今回は書籍版に合わせた設定変更になります。


アストラルオンラインの運営様は未熟なので、生暖かく見守ってくださると幸いです。



―――――――――――――――――――――



 新生〈付与魔術師〉は、分かりやすく説明するのなら、今まで回数制だったのが時間制に変更された事だ。
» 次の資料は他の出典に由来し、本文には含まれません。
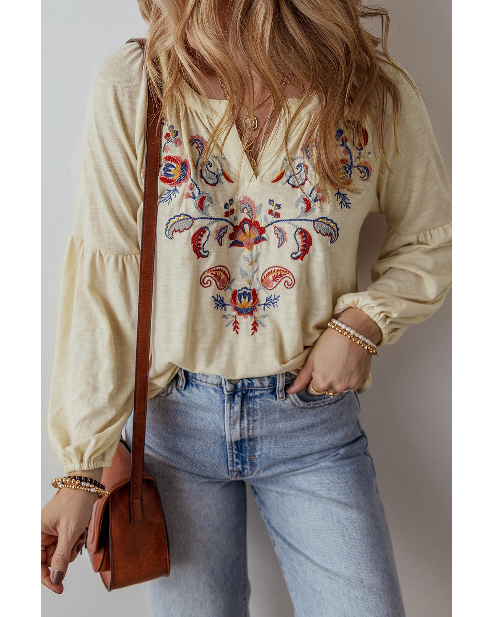Beau Blue Floral Embroidered Puff Sleeve Split Neck Blouse - S Original price was: $74.99.Current price is: $40.99.
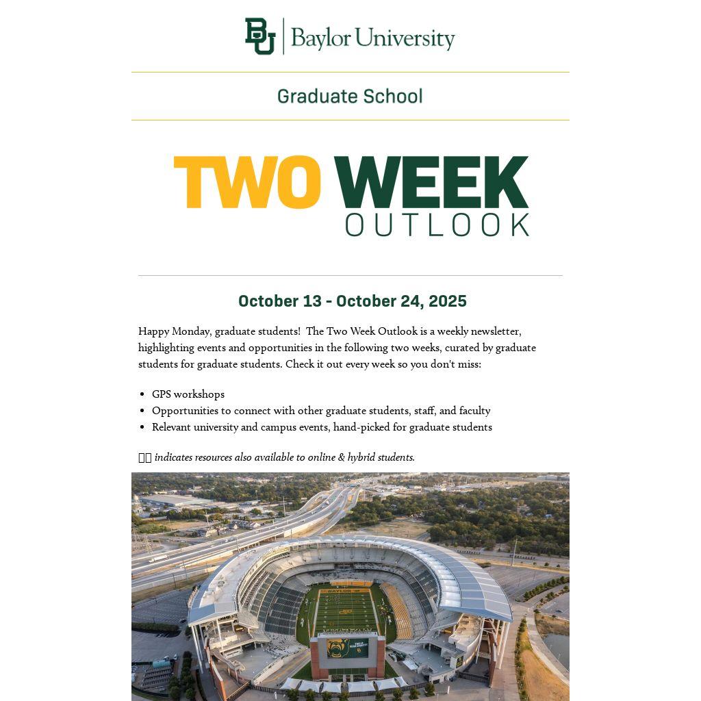 Happy Monday, graduate students! Â The Two Week Outlook is a weekly newsletter, highlighting events and opportunities in the following two weeks, curated by graduate students for graduate students. Check it out every week so you don't miss:
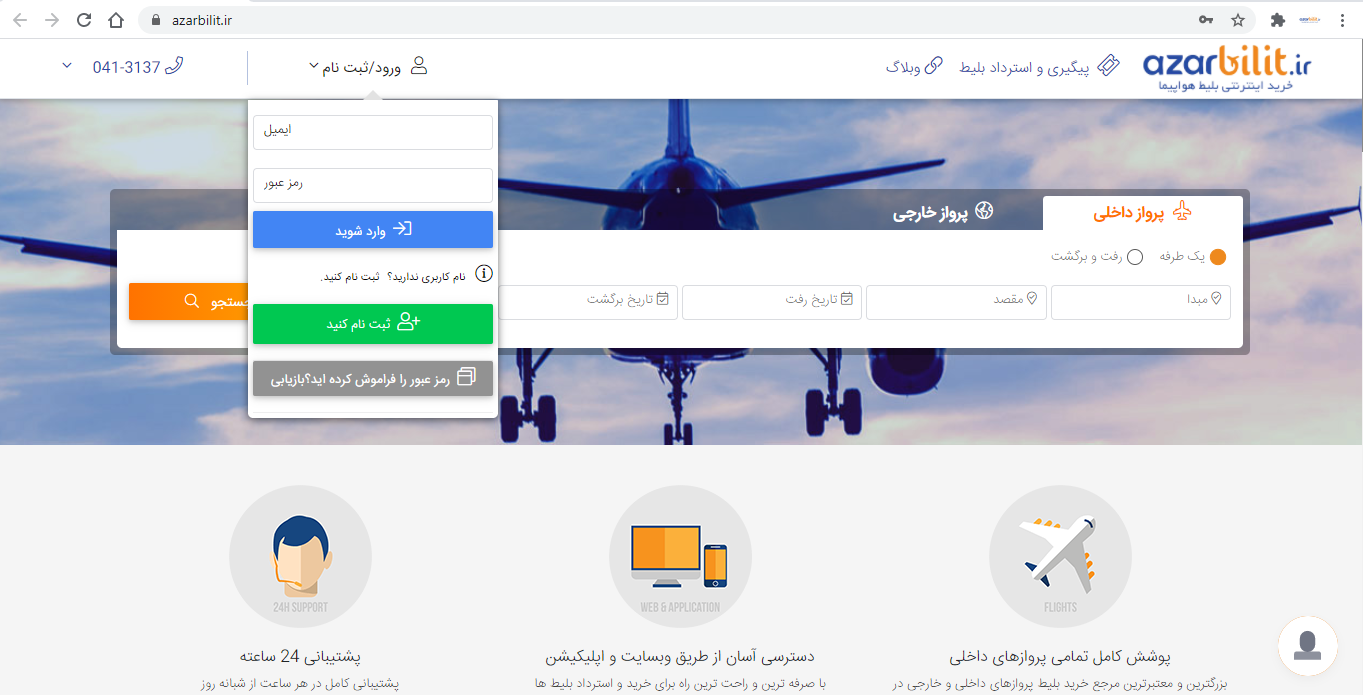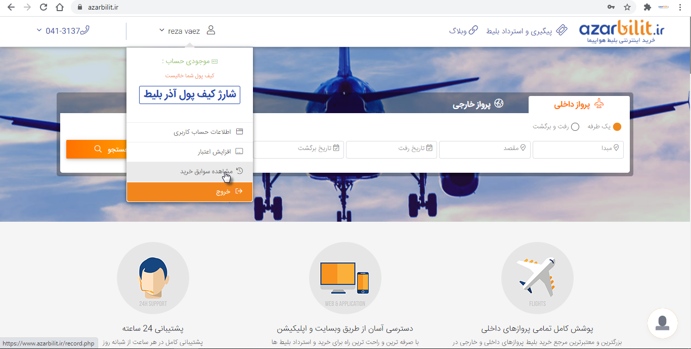 >راهنمای خدمات وب سایت آذربلیط در پرواز داخلی و خارجی
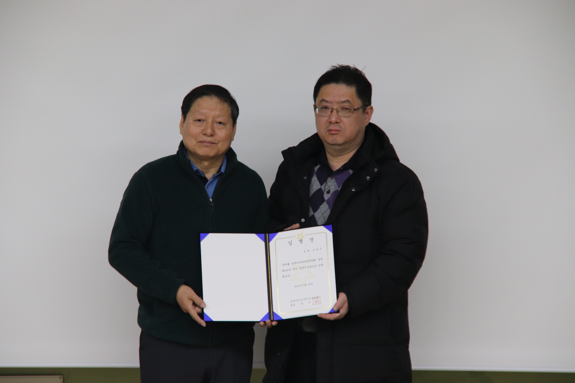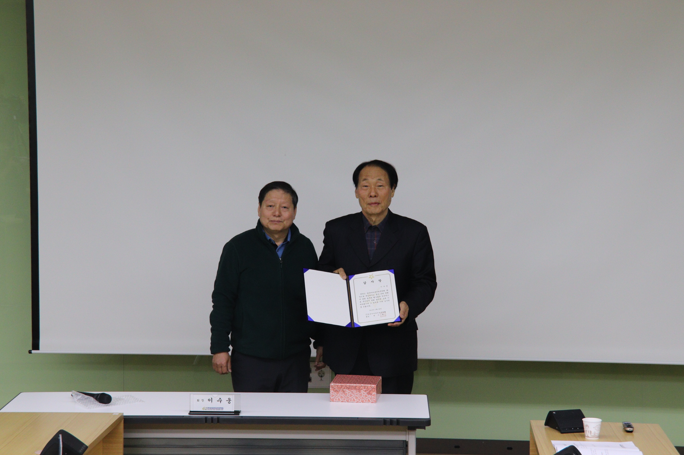 좌측 원치복 학회장님께서 우측 이수웅 前 학회장님께 감사패를 전달하는 모습
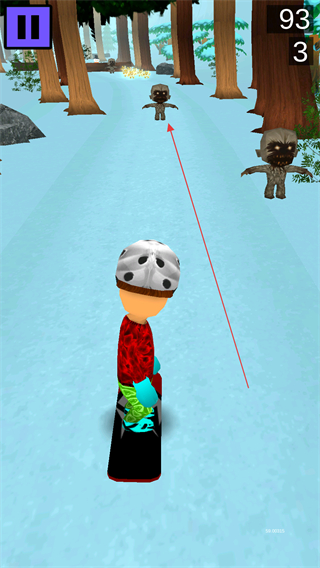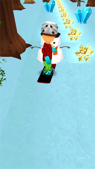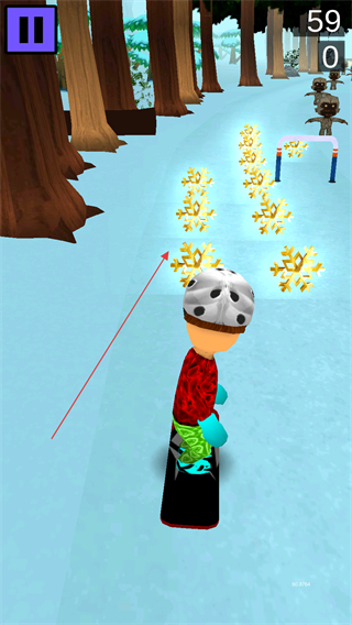 1、操控角色在雪地赛道滑行,躲避树木、石块等障碍,收集沿途物品。
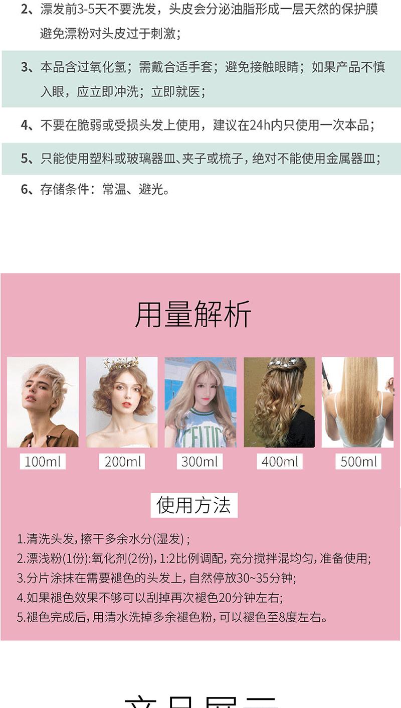 Paquete Pequeño de 50g 100g Polvo Decolorante para Barberías, Venta al por Mayor de Polvo Decolorante para Comercio Electrónico, Sin Amoníaco, Tinte para el Cabello No Dañino, Color Sólido
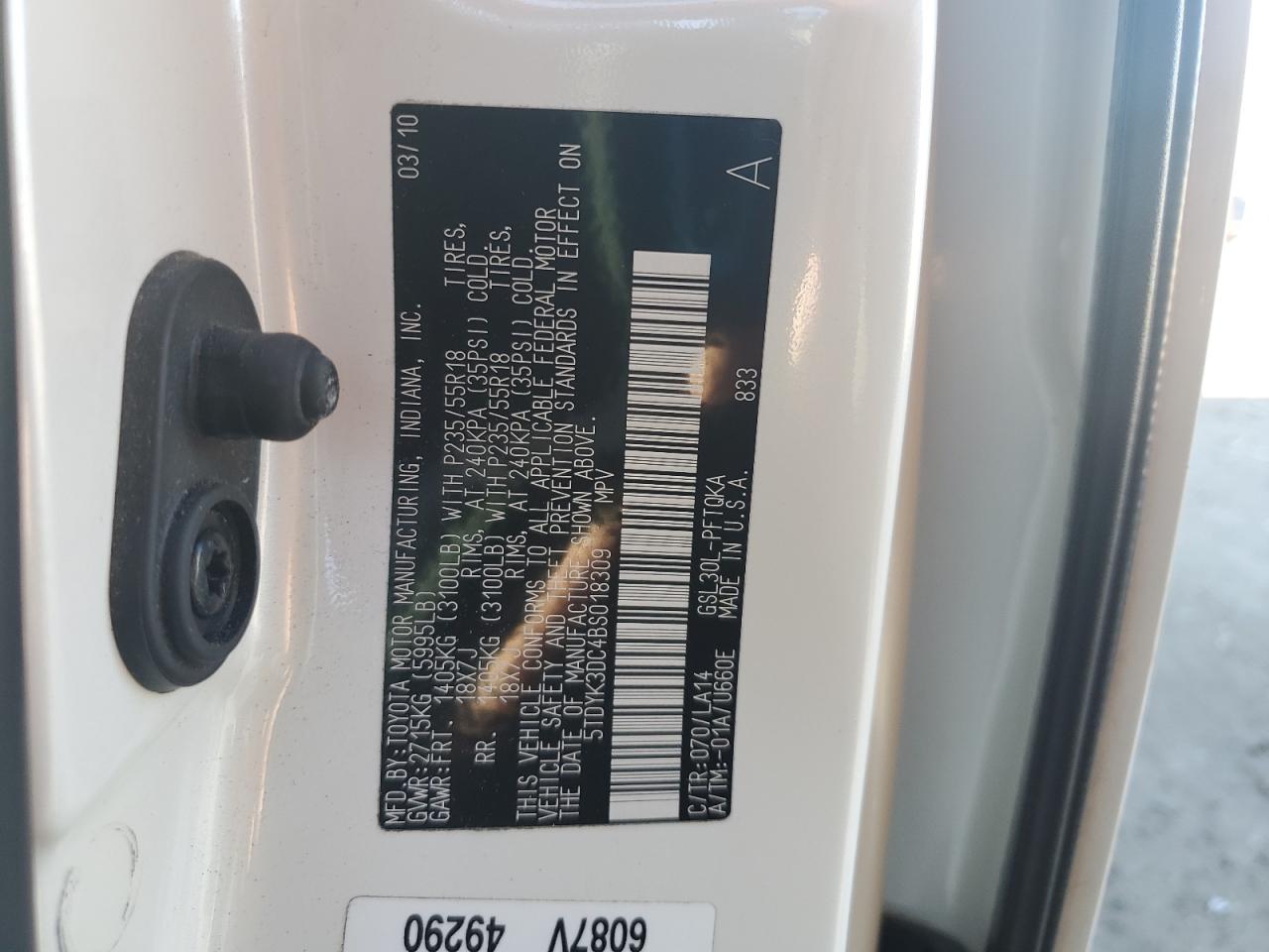 Цвет БелыйЦилиндры 6VIN 5TDYK3DC4BS018309Состояние НеизвестноПовреждения Передняя или задняяДата аукциона 2025-10-08

 MPの消費も大きくなり、その代わりに効果が強化されたらしい。

 そして一度スキルの強化状態がリセットされた代わりに、新たに獲得した『ジョブポイント』という存在……。


 うむ、正にリニューアルって感じだ。


 目の前にびっしり書き記されている項目を眺めていると、ルシフェルが『自分に出番をくれ』と言わんばかりに説明を始めた。


『先ずは職業の新仕様として、新規のジョブスキルはレベルを上げる事で取得する事ができます。この点に関しては、マスターは既にカンストしている状態なので、気にする必要は一切ありません』


「ふむ……」


『次に取得したジョブスキルのレベルですが、こちらは獲得したジョブポイントでしか強化する事ができません』


「ふむふむ、今まではスキルポイントでジョブを強化すると自動で強化されていたのが、最初から自分の好みで鍛えられるようになったのかな?」


『はい、より個性を出すための新システムって感じですね。スキルに関してはレベル5で中級ハイスキルに、レベル10にする事で上級グランドスキルに進化するようです』


「オーケー、大体新仕様は理解したよ」


 ルシフェルの説明を終えて、オレは改めて宙に表示した自分のスキルと向き合う。


 ジョブポイントの獲得方法は単純で、プレイヤーのレベルを一つ上げることで一つ貰える。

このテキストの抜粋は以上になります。